The immune mechanism of sepsis has been widely studied. Both innate and adaptive immune function are compromised in patients with sepsis.[6] The classic biphasic model presumes that sepsis features an initial proinflammatory phase and a subsequent anti-inflammatory phase.[17] However, more evidence has shown that sepsis-induced immune dysfunction is highly variable, so a competition model is introduced in which pro- and anti-inflammatory activities are in dynamic equilibrium and mutually interact.[18,19,20,21,22] The proper monitoring of immune status and reversal of immune disorders are crucial to the treatment of septic patients. Combining multiple immune markers to compensate for the low prediction efficiency of single markers, this study found a poor prognosis of patients with severe immune dysfunction, named MARS, and deterioration of immune status, named DT.

Immune status can be measured by many approaches.[23] We chose cytokines as biomarkers of immune dysfunction. Serum cytokine levels were higher in non-survivors, which was consistent with previous studies[14,24,25] that sepsis induced an intensive host immune reaction to pathogens, called the “cytokine storm” and could lead to poor prognosis. Additionally, HLA-DR expression could reflect the functions of both innate and adaptive immune systems, and its lower expression indicates immunosuppression.[6,15] In our study, non-survivors had lower HLA-DR expression. This confirmed that HLA-DR expression can best reflect immune function and predict prognosis after 48 hours of sepsis duration.[16] Our study also supported the competition model by demonstrating that pro- and anti-inflammatory activities in sepsis occurred concurrently, which were reflected by simultaneously elevated serum levels of both pro- and anti-inflammatory cytokines and lower HLA-DR expression.

Although the prognostic value of many immune markers has been widely studied, it has rarely been reported how to combine multiple immune markers to reach a more precise definition of immune status and a better prediction of mortality. A previous study showed that the combination model of anti- and proinflammatory cytokines had higher prognostic value for sepsis.[26] In this study, we combined HLA-DR expression and cytokine levels to define each immune status, namely, SIRS, CARS and MARS. A recent study on their mechanisms confirmed that CARS can arise at the beginning of the disease course but not following SIRS, and SIRS and CARS are both regulated by infiltrating macrophages and T cells and depend on the Nod-like receptor pyrin containing (NLRP) 3 inflammasome.[27] The concept of MARS was introduced as either the coexistence of overwhelming inflammation and suppression of innate and adaptive immunity or an intermediate phase between SIRS and CARS.[11] We defined MARS as an independent phase of severely imbalanced pro- and anti-inflammatory processes, and our data demonstrated that MARS was more frequent in non-survivors, while SIRS and CARS were more frequent in survivors. MARS at day 3 was also an independent risk factor for poor outcome, as revealed by our multivariate analysis. This confirmed that uncontrolled, excessive inflammatory activities could lead to poor prognosis.

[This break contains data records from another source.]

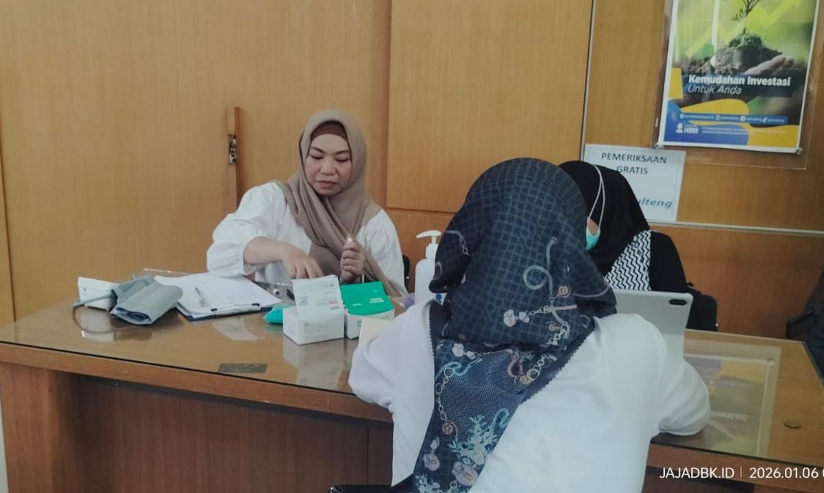 Seperti yang terlihat pada Selasa, 6 Januari 2026, puluhan nasabah tampak antusias mengikuti pemeriksaan kesehatan gratis yang disediakan Bank Sulteng.
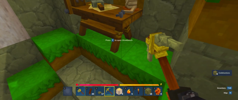- Workbench: crafting recipes, station progression, and early tool creation.
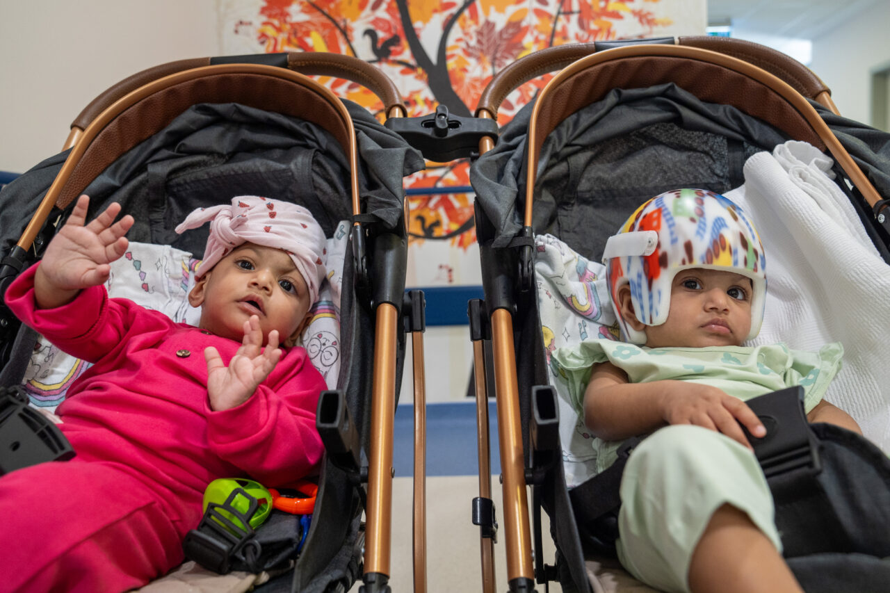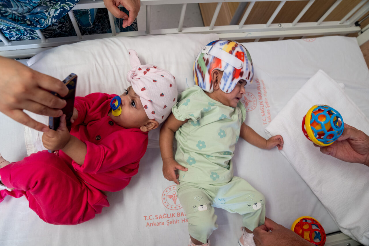 Pakistanlı Mirha ve Minal, Eylül 2023’te başlarından yapışık şekilde dünyaya geldi. Yaşadıkları ülkede evlatlarına tedavi imkanı bulamayan ailenin yardım çığlığına Türkiye kayıtsız kalmadı.

A high proportion (46.1%) of changes in immune status from days 1 to 3 was revealed by our study. Many previous studies have shown that changes in immune status should not be underestimated,[4,12,13] so we introduced a model to dynamically monitor changes. DT had the highest mortality rate of 77.8%, while SB had the lowest mortality rate of 11.2%. These findings stress on the importance of maintaining a stable immune status for patients with SIRS or CARS on admission. The mortality rates of the RM and NR groups were both high, but the former was lower, which suggested that the proper management of immune disorders could bring survival benefits to patients with MARS. We also discovered a corresponding decrease in disease severity scores and inflammatory marker levels.

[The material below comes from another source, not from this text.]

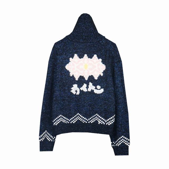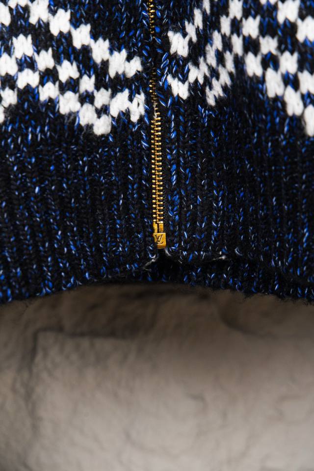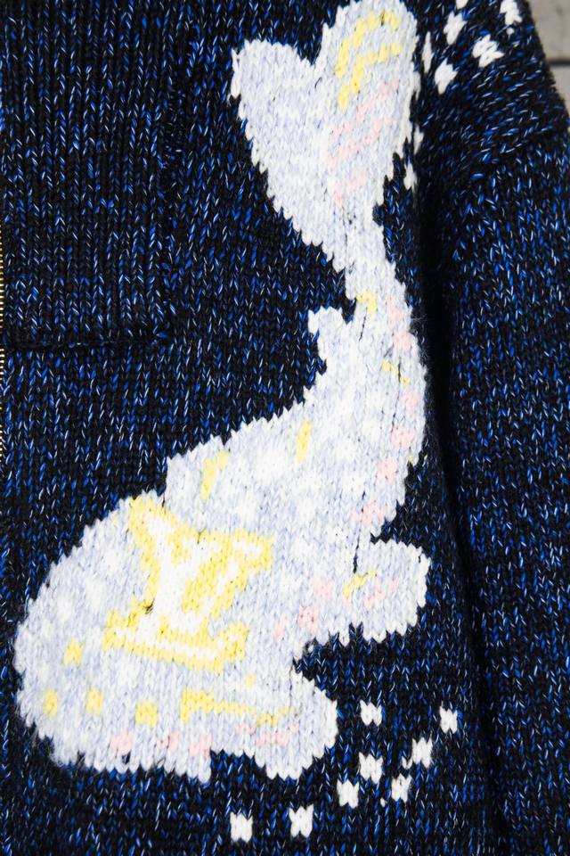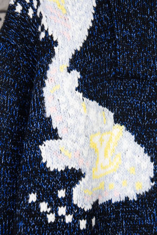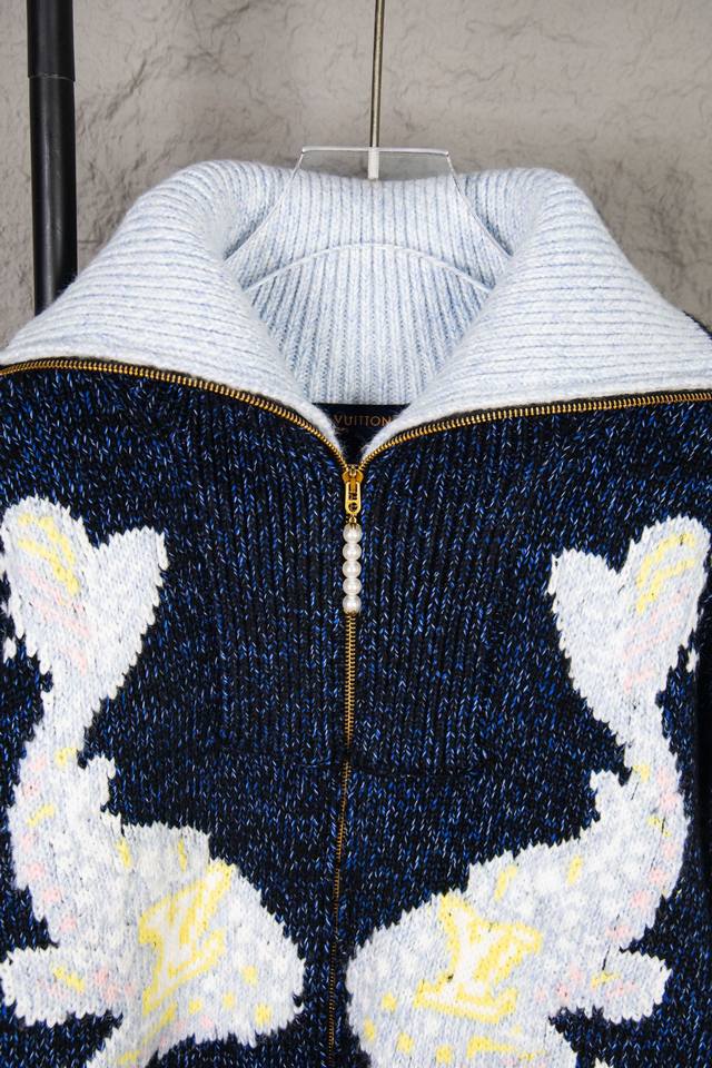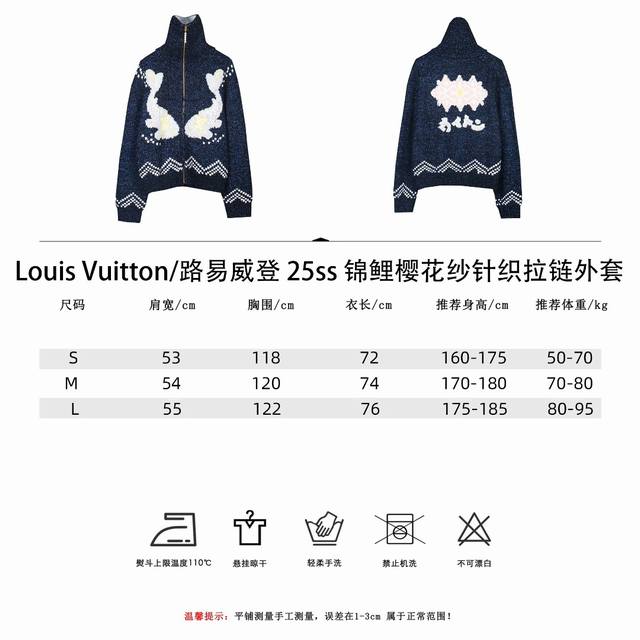 Louis Vuitton 25Ss Koi and Cherry Blossom Knit Zip-Up Jacket This belted jacket focuses on the creative vision shared by pharrell Williams and Nigo for Fall/Winter 2025. A koi carp adorned with the LV logo swims in the front, while cherry blossoms and Japanese lettering on the back reveal Nigo's cultural roots. The sophisticated pattern is presented in intarsia and embroidery techniques on a cotton-wool blend knit, with a delicate, handcrafted texture. A beaded zip-up pull adds an elegant touch to the comfortable silhouette. Sizes: S, M, L

Our study had several limitations. First, the sample size was relatively small, as it was a single-center study. Second, we only collected the data at days 1 and 3. Thus, the immune status and its dynamic changes could not be traced later than day 3. Third, we calculated the cutoff value of each immune marker from the ROC curve to establish a model of immune dysfunction, but the rationale for this classification is worthy of further verification. Fourth, only six accessible biomarkers were chosen as elements of classification. More biomarkers with high sensitivity and specificity need to be discovered. The use of glucocorticoids might have influenced the process of immune reaction and the expression of immune markers, but this condition was more similar to the real clinical setting.

CONCLUSIONS

Serum cytokine levels and HLA-DR expression may be associated with the prognosis of septic patients. Patients with a severe immune disorder, defined as MARS, or deterioration of immune status, defined as DT, are more likely to have poor outcomes. Our study has provided a preliminary model for the monitoring of immune status, which might be beneficial to the individualized treatment of patients.

Funding: This work was supported by the National Natural Science Foundation of China (81471840, 81171837), the Shanghai Traditional Medicine Development Project (ZY3-CCCX3-3018, ZHYY-ZXYJH-201615), and the Key Project of Shanghai Municipal Health Bureau (2016ZB0202).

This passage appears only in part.